Records from a data source:
────────────────────
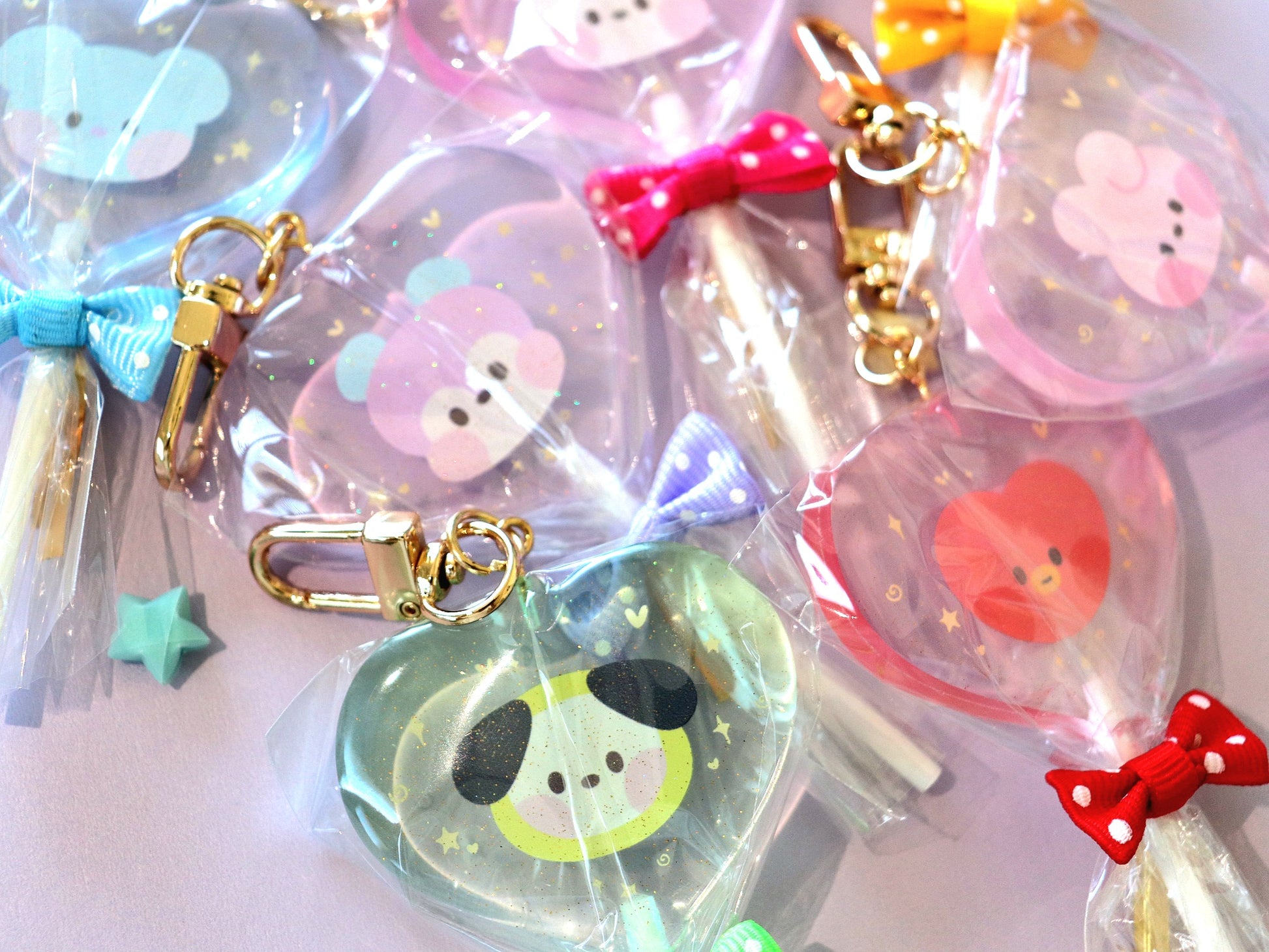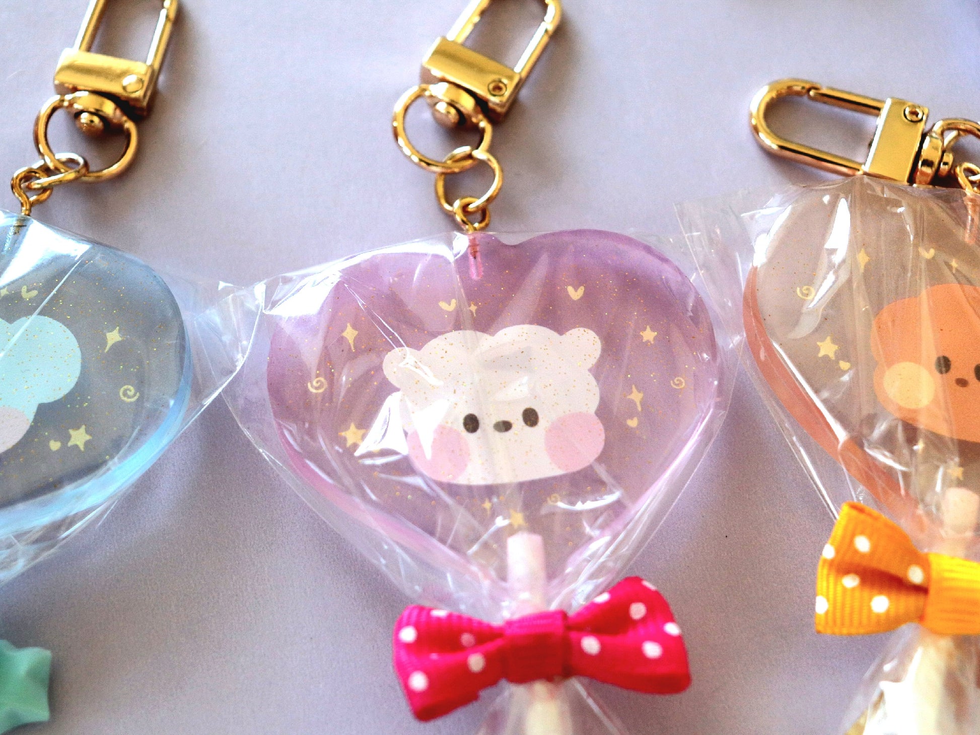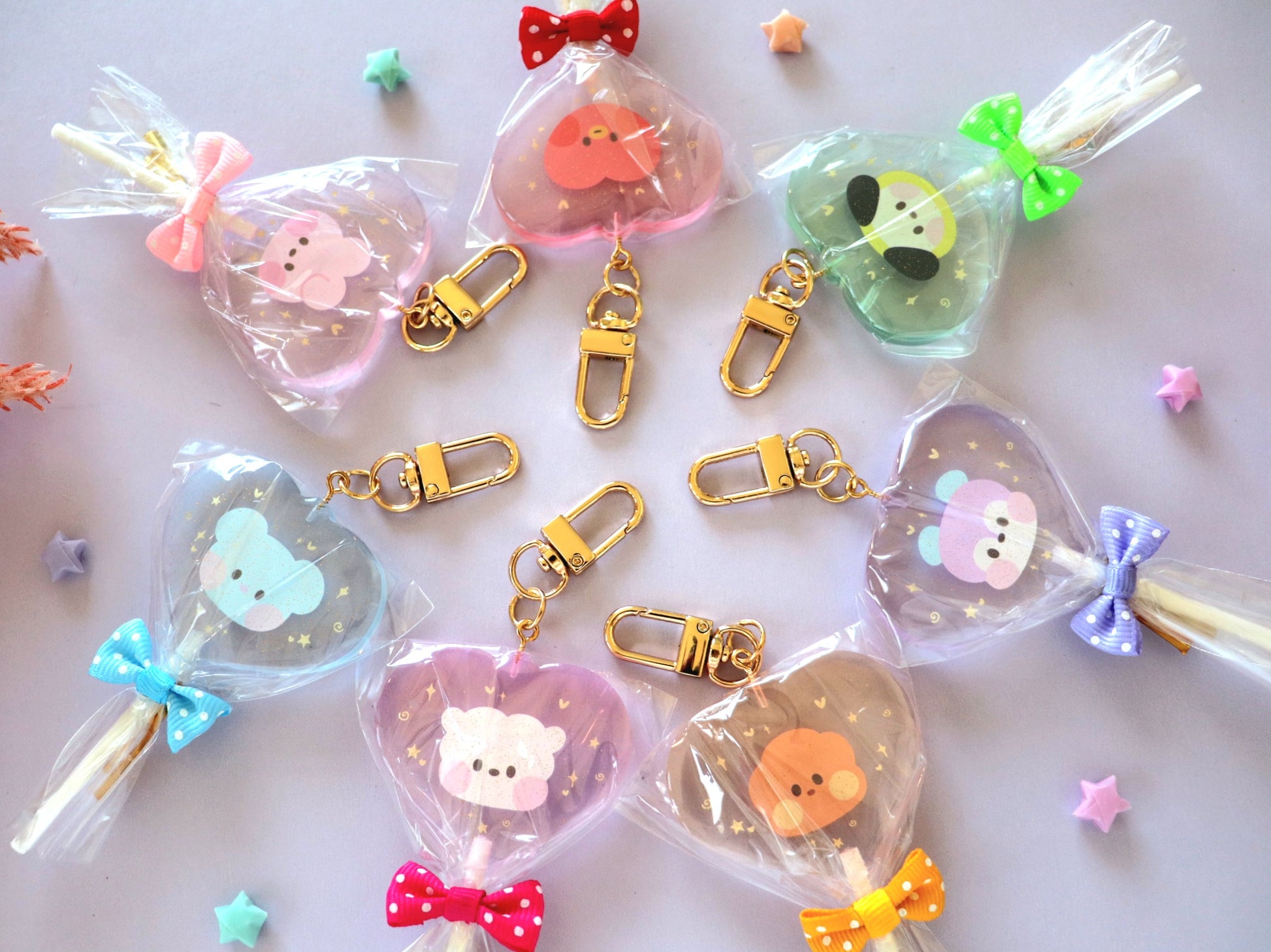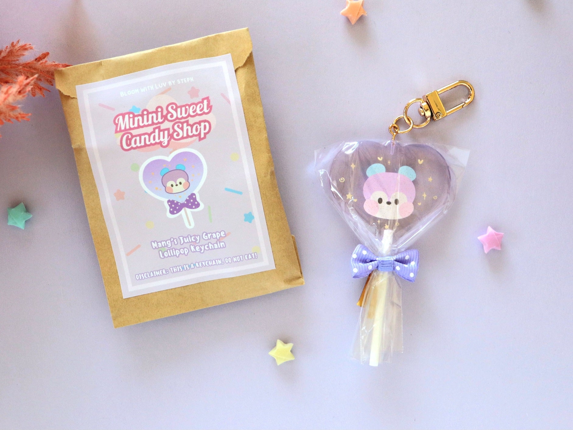 🍭 These cute and glittery keychains are each adorned with a matching bow! Each lollipop keychain is also packaged in a small brown candy shop-themed bag, especially perfect for gift giving!
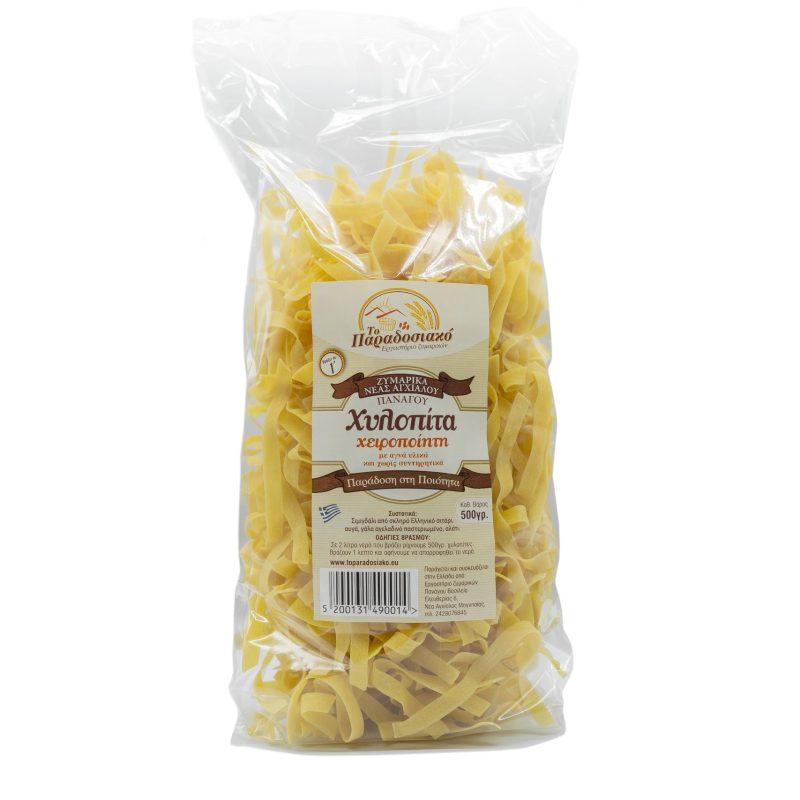 Traditional pasta made by the Outas artisanal factory in N. Anchialos. The pasta produced in our artisanal factory is renowned for its deliciousness and excellent quality, as raw materials such as eggs, milk and vegetables from local producers are used. Noodles Noodles made from vegetable broth Whole wheat noodles Cut noodles Sour trachanas Sweet semolina trachanas Sweet wheat trachanas handmade Fasting/diet trachanas Barley noodles Cut spaghetti Screw - Shell - Couscous We al...
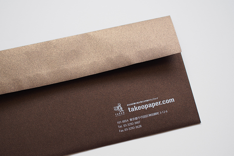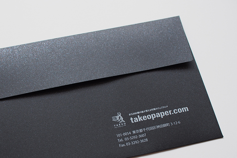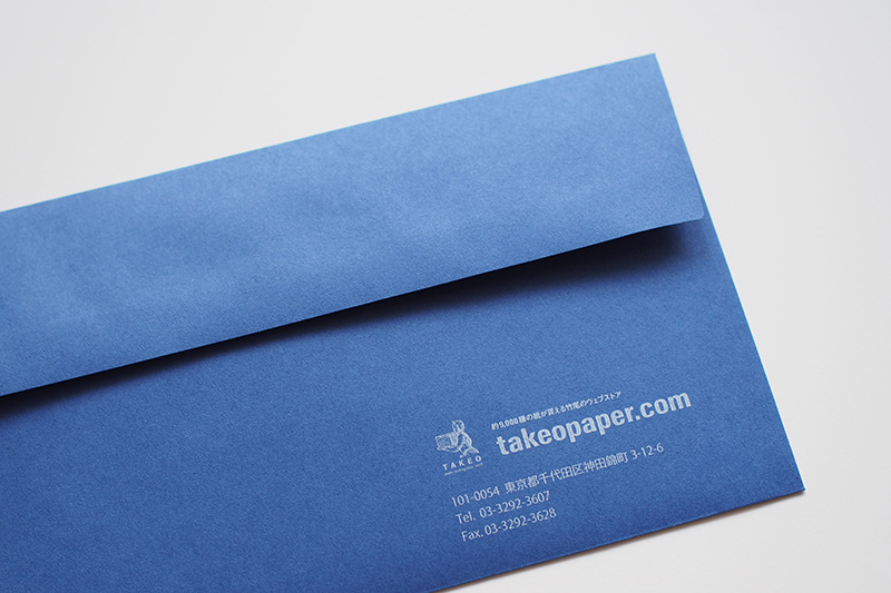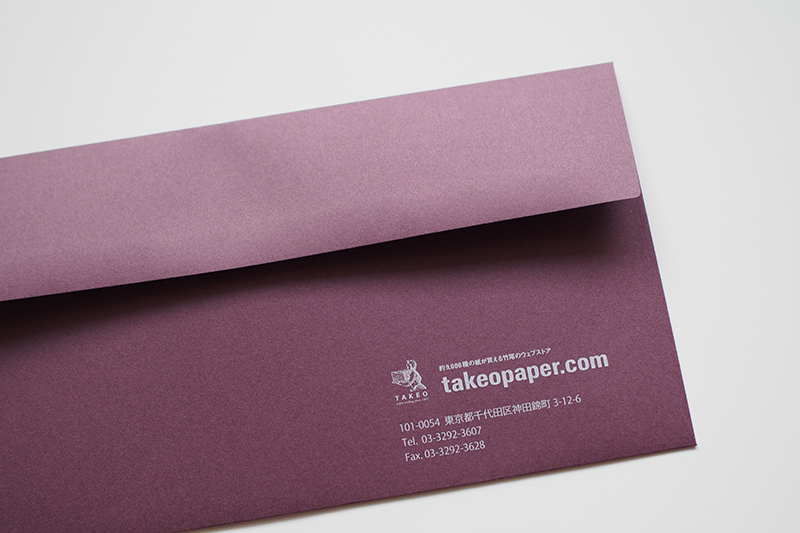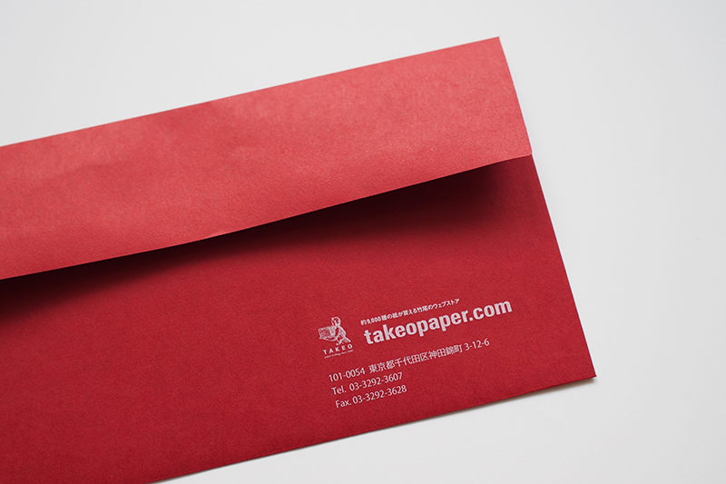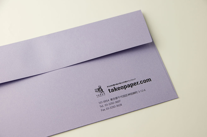 ファインペーパーを使用した弊社オリジナルの「竹尾デザイン封筒」に、50袋~500袋の小部数でデジタル印刷による名入れを承ります。
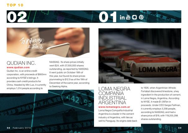 LOMA NEGRA COMPAÑIA INDUSTRIAL ARGENTINA www . lomanegra . com . ar Loma Negra Compañía Industrial Argentina is a leader in the cement industry of Argentina , with ties as well to Paraguay . Its origins date back to 1926 , when Argentinian Alfredo Fortabat discovered limestone , a key ingredient in the production of cement , in Loma Negra , Argentina . According to NYSE , it made $ 1.097bn in proceeds . Under CEO Sergio Faifman , it currently employs 3,258 people , according to NASDAQ , and had a share price of $ 19 , with 119,205,298 shares outstanding .
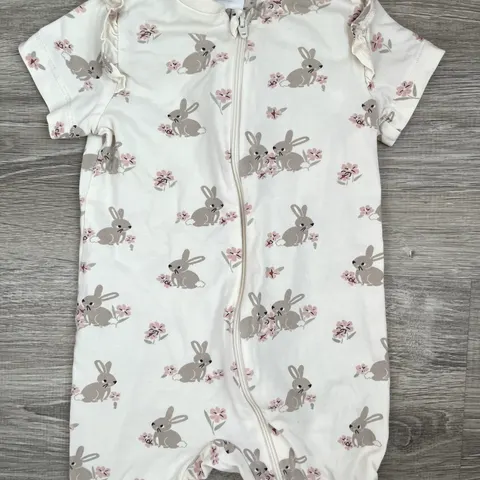 KappAhlin vaaleanpunainen shortsilahkeinen yöhaalari / shortsipuku pupujen kuvilla kokoa 68cm, vastaa mielestäni kokoaan. Ehjä ja tahraton, oikein siisti käytetty kunto, ainoa moite pieni maalikuluma jälki vetoketjussa, kts.kuvat.
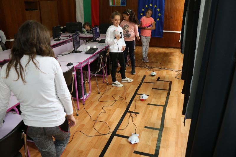 Учениците се потопиха в света на дигитализацията, танцувайки с робота Финч. С лекота и самоувереност се справяха с поставените задачи. В края на занятието резултатите бяха налице. Освен да се движи и свети, роботът може вече и да танцува.
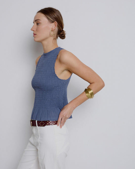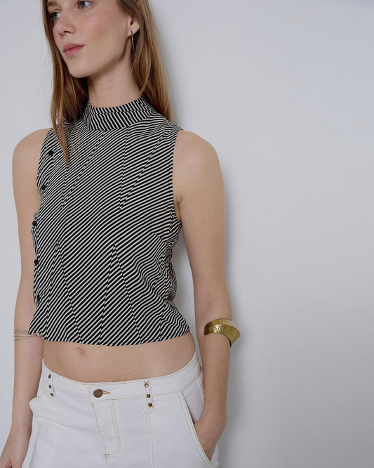 • Sleeveless Top with Side Buttons in Pale Pink Texture
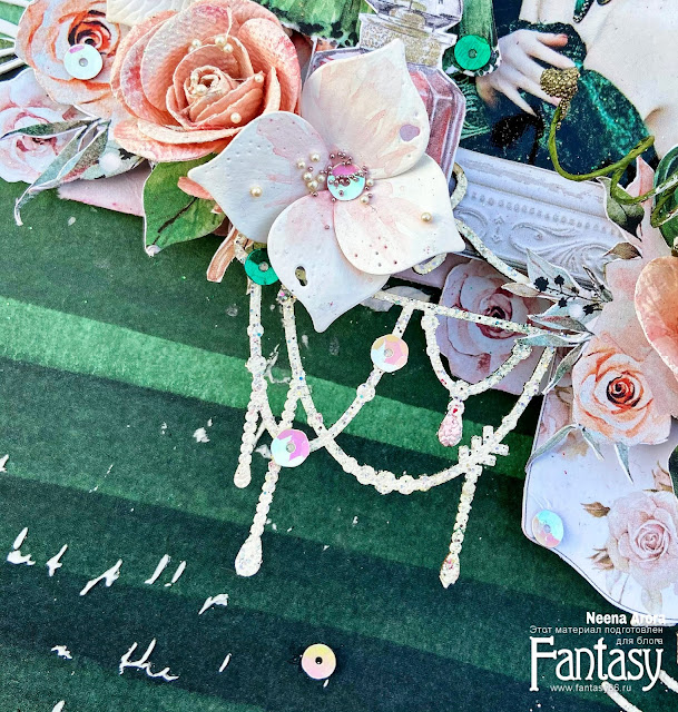 I have applied texture through the script stencil. after building the composition I added microbeads, sequins and glitters to beautify the layout. L et's have a closer look at the photos how gorgeous chipboards and die-cuts look:
────────────────────
# What you have to do
Leave out the pictures and set down all of the data exactly.

# Result of the task
 🍭 These cute and glittery keychains are each adorned with a matching bow! Each lollipop keychain is also packaged in a small brown candy shop-themed bag, especially perfect for gift giving!
 Traditional pasta made by the Outas artisanal factory in N. Anchialos. The pasta produced in our artisanal factory is renowned for its deliciousness and excellent quality, as raw materials such as eggs, milk and vegetables from local producers are used. Noodles Noodles made from vegetable broth Whole wheat noodles Cut noodles Sour trachanas Sweet semolina trachanas Sweet wheat trachanas handmade Fasting/diet trachanas Barley noodles Cut spaghetti Screw - Shell - Couscous We al...
 ファインペーパーを使用した弊社オリジナルの「竹尾デザイン封筒」に、50袋~500袋の小部数でデジタル印刷による名入れを承ります。
 LOMA NEGRA COMPAÑIA INDUSTRIAL ARGENTINA www . lomanegra . com . ar Loma Negra Compañía Industrial Argentina is a leader in the cement industry of Argentina , with ties as well to Paraguay . Its origins date back to 1926 , when Argentinian Alfredo Fortabat discovered limestone , a key ingredient in the production of cement , in Loma Negra , Argentina . According to NYSE , it made $ 1.097bn in proceeds . Under CEO Sergio Faifman , it currently employs 3,258 people , according to NASDAQ , and had a share price of $ 19 , with 119,205,298 shares outstanding .
 KappAhlin vaaleanpunainen shortsilahkeinen yöhaalari / shortsipuku pupujen kuvilla kokoa 68cm, vastaa mielestäni kokoaan. Ehjä ja tahraton, oikein siisti käytetty kunto, ainoa moite pieni maalikuluma jälki vetoketjussa, kts.kuvat.
 Учениците се потопиха в света на дигитализацията, танцувайки с робота Финч. С лекота и самоувереност се справяха с поставените задачи. В края на занятието резултатите бяха налице. Освен да се движи и свети, роботът може вече и да танцува.
 • Sleeveless Top with Side Buttons in Pale Pink Texture
 I have applied texture through the script stencil. after building the composition I added microbeads, sequins and glitters to beautify the layout. L et's have a closer look at the photos how gorgeous chipboards and die-cuts look:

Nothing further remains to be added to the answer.